JPMorgan stock gaps down as Pinto says analyst estimates are too optimistic
JPMorgan Chase (NYSE:JPM) stock slid 6.2% in Tuesday morning trading as Daniel Pinto, the bank’s president and chief operating officer, said next year’s net interest income “will be lower” than what analysts are expecting.
The Visible Alpha consensus for 2025 NII stands at $90.0B, which Pinto called “not very reasonable,” as markets call for lower interest rates, he said at an industry conference.
“We are not going to guide on that now, but the $90 billion is a bit too high,” he said. “Clearly, as rates go lower, you have less pressure on repricing of deposits, but as you know, we are quite asset sensitive.”
He also said that Q3 2024 investment-banking fees could advance 15%, while revenue from JPMorgan’s (JPM) markets segment could increase 2%. Both growth rates also trail analyst expectations.
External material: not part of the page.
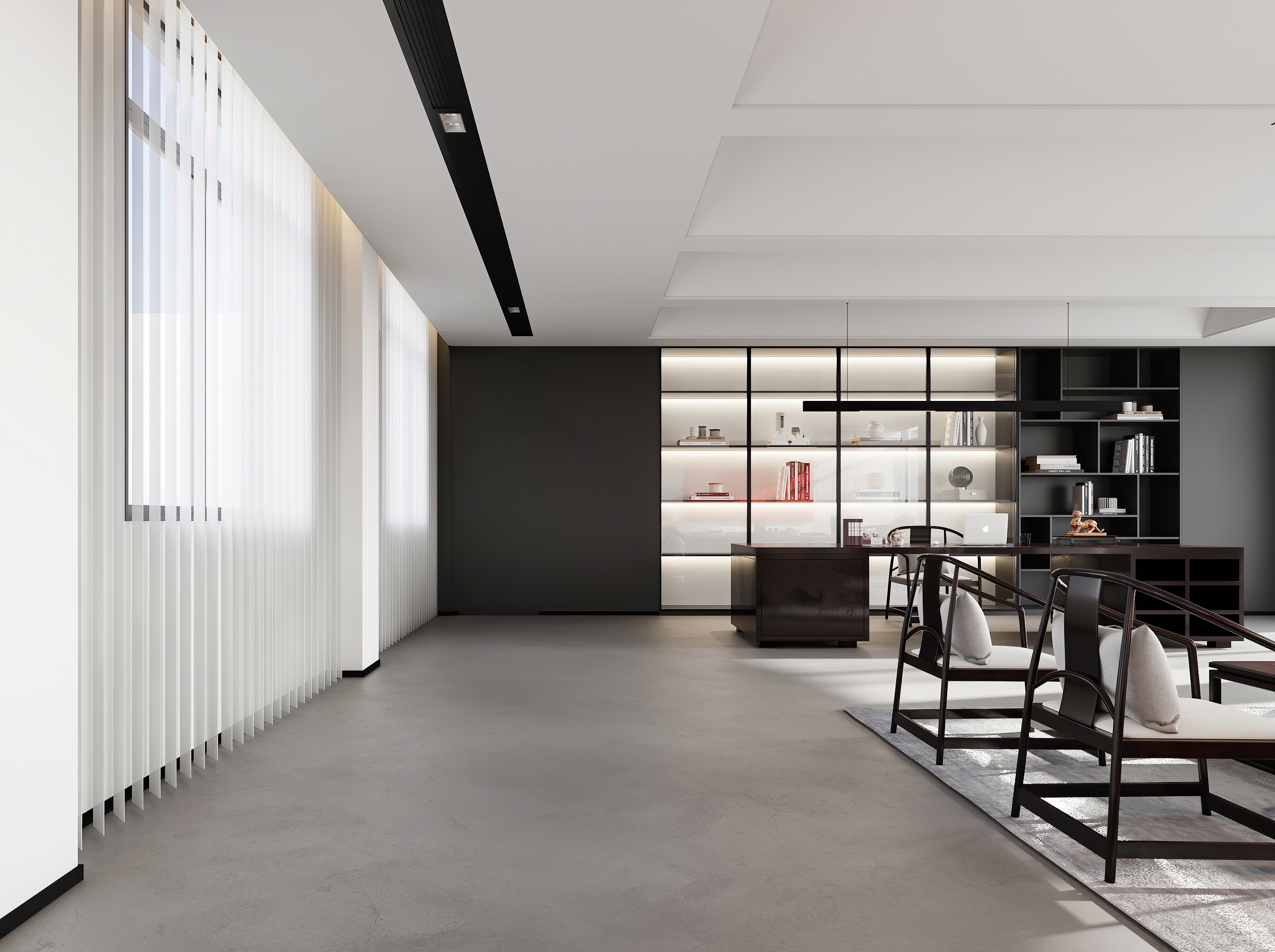 案例說明: 本案在這個辦公室設計中,甲方要求,有功能區設置,有總經理,總經理是本公司中最高的職務,所以在我的設計中給他選擇了一個比較好的朝向,采光比較好、地面采用仿古顯紋復合強化淺色木地板。防滑耐磨。幾何式的辦公桌莊嚴不失人性化。自然的美巧妙的運用到設計之中,突顯對美好生活的向往。放松工作時的狀態,副總經理兩間,裝修風格跟總經理相符,比較統一。會議室,在平面功能上??紤]了合理的行動路線,東面墻對應窗的位置設計了落地的玉砂玻璃隔墻,以滿足展示區的采光要求。

Note that JPMorgan (JPM) CEO Jamie Dimon has consistently affirmed that Pinto is fully prepared to assume leadership in the event of an emergency or an expedited transition.
Shares of most of the big U.S. banks retreated at the time of writing, though not to the same magnitude as JPM, even after Federal Reserve Vice Chair for Supervision Michael Barr proposed slashing megabanks’ capital hike in half in a revised plan.